A data pipeline is a set of automated steps that collects data from one or more sources, transforms it into a usable format, and delivers it to a destination like a data warehouse, lake, database, or analytics tool. It ensures data moves reliably and on time so teams and AI systems can run reporting, automation, and machine learning using consistent, trusted data.
Key Components of a Data Pipeline
Most data pipelines include:
- Sources: Applications, databases, files, APIs, event streams, sensors, or third-party platforms.
- Ingestion: Batch loads (scheduled) or streaming (real time).
- Transformations: Cleaning, deduplication, normalization, joins, enrichment, and calculations.
- Destination: Data warehouse, data lake, lakehouse, operational store, or feature store.
- Orchestration: Scheduling, dependencies, retries, and workflow management.
- Observability: Monitoring freshness, volume, schema changes, failures, and data quality checks.
- Security and governance: Access controls, encryption, lineage, and audit logs.
Common Types of Data Pipelines
- Batch pipelines: Move data on a schedule (hourly, daily) for reporting and backfills.
- Streaming pipelines: Process events continuously for near-real-time analytics and alerts.
- ELT vs ETL:
- ETL transforms data before loading it into the destination.
- ELT loads raw data first, then transforms it inside the warehouse or lakehouse.
- Operational pipelines: Sync data between production systems for workflows and automation.
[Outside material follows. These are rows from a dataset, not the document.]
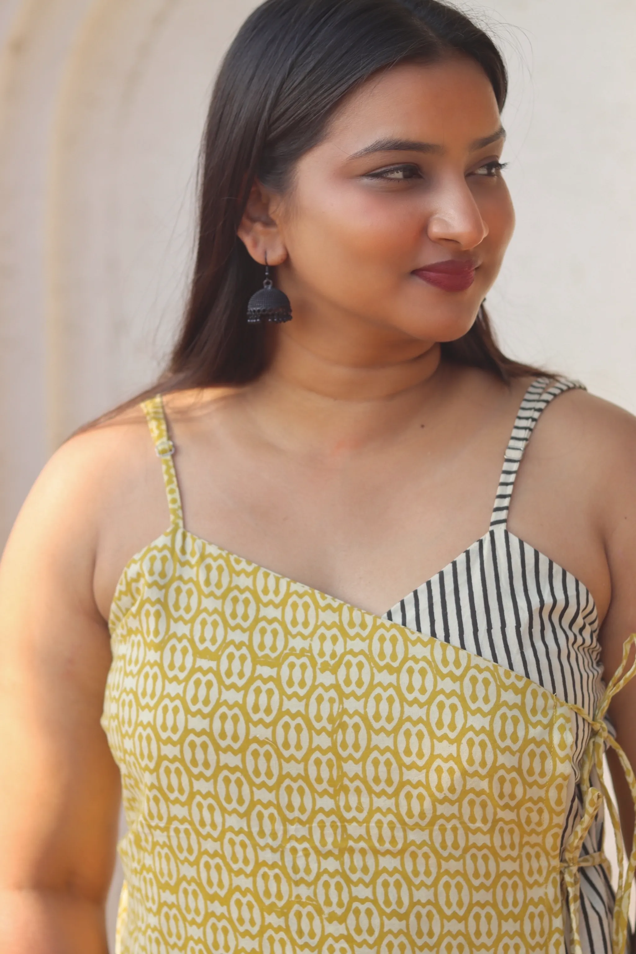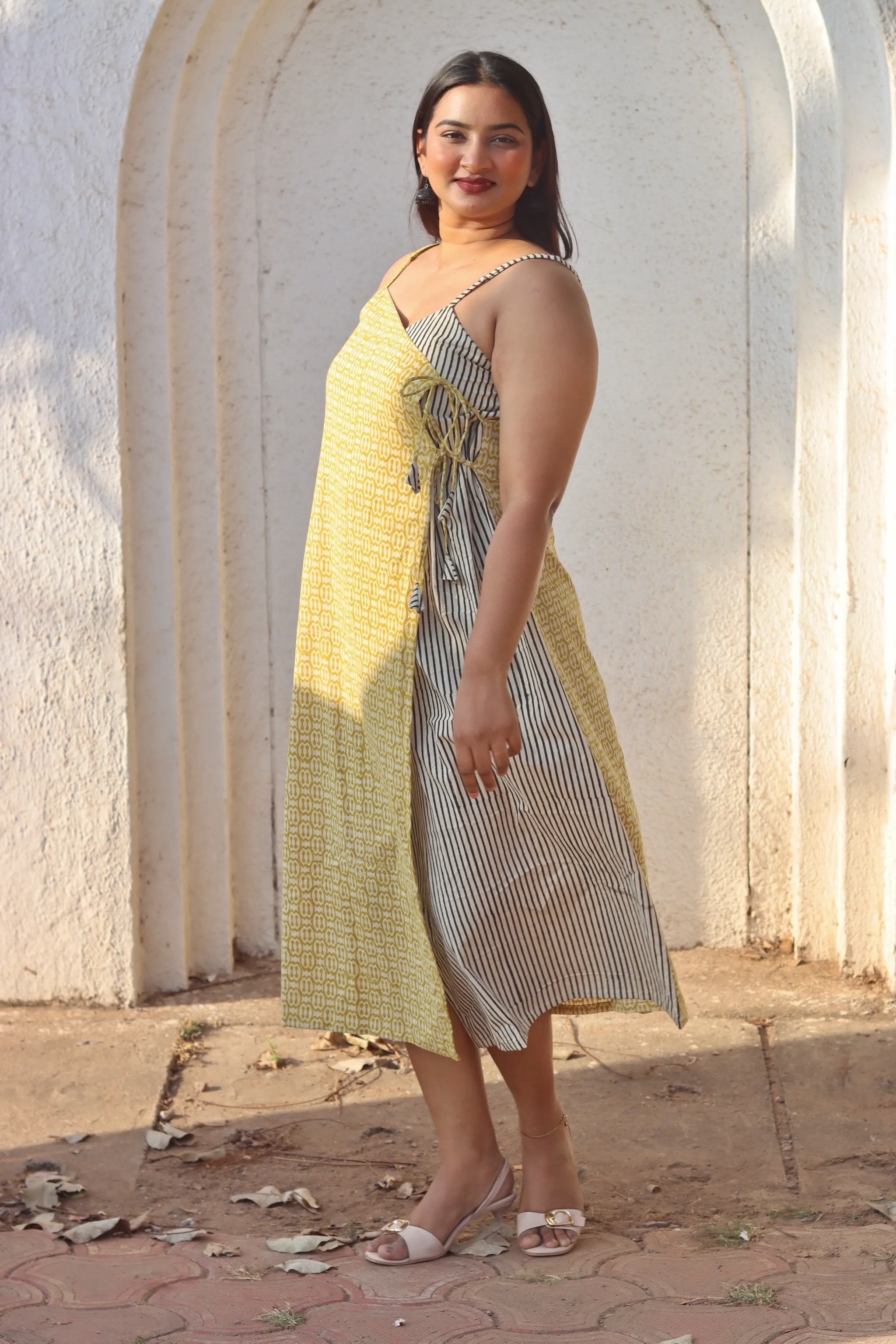 This wrap-style midi dress is dual-print concept, where each side showcases a different print one side in a soft geometric hand block-inspired motif and the other in classic vertical stripes. It is Designed with a side wrap closure, the dress is secured using a fabric dori tie-up allowing you to adjust the fit comfortably around the waist. The wrap construction not only enhances ease but also flatters the body by creating a natural silhouette. The dress comes with adjustable shoulder straps, making it easy to customise the length and fit according to your comfort. Crafted in breathable fabric, it moves effortlessly with the body and feels light on the skin perfect for warm days.
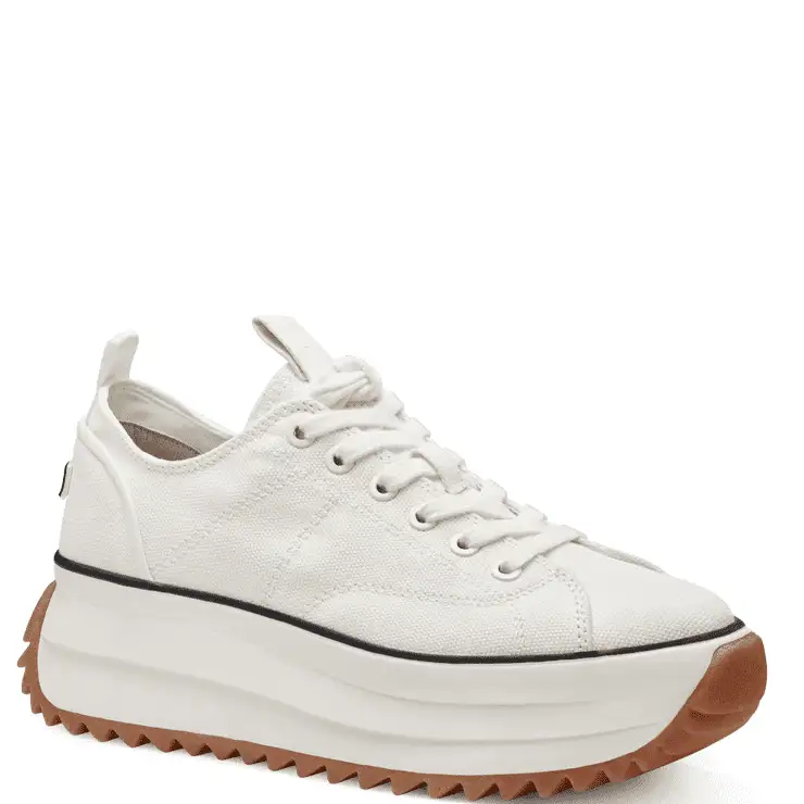 Zapatillas de lona brillante. Suela dentada de goma con doble piso de 5,5 cm de altura. Cierre con cordones. Plantilla con tecnología Touch-It.
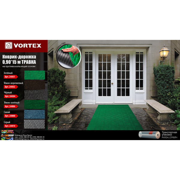 Щетинистое покрытие противоскользящее Vortex Травка рулон 0,90*15 м зеленый 24001
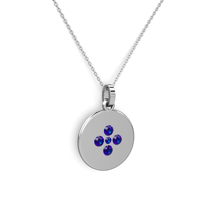 Lab safir 14 ayar beyaz altın kolye (40 cm beyaz altın rolo zincir)

- ML pipelines: Prepare training data, build features, and support model scoring.
How Data Pipelines Work Today
Modern pipelines often run in cloud environments and use modular tools that can be versioned, tested, and deployed like software.
A typical workflow:
- Extract data from sources (connectors, CDC, logs, events).
- Load into a staging area or raw zone.
- Transform using SQL or code, often with reusable models.
- Validate with data quality tests and schema checks.
- Publish curated datasets for dashboards, apps, and AI use cases.
- Monitor for failures, delays, and drift, then alert and auto-retry.
Teams also manage data contracts and schema evolution so downstream reports and AI agents do not break when upstream data changes.
Frequently Asked Questions
What is the difference between a data pipeline and a data workflow?
A data pipeline focuses on moving and transforming data between systems. A workflow is broader and can include non-data tasks like approvals, notifications, or triggering business actions.
What is CDC in a data pipeline?
CDC, or change data capture, streams inserts, updates, and deletes from a database so downstream systems stay in sync with minimal delay.
Why do data pipelines fail?
Common causes include API rate limits, upstream outages, schema changes, bad data, permission issues, and misconfigured schedules or dependencies.
What is data pipeline orchestration?
Orchestration is the coordination of pipeline steps, including scheduling, dependency management, retries, and logging.
How do teams measure data pipeline health?
They track uptime, run success rate, data freshness, latency, row counts, error rates, and data quality test results.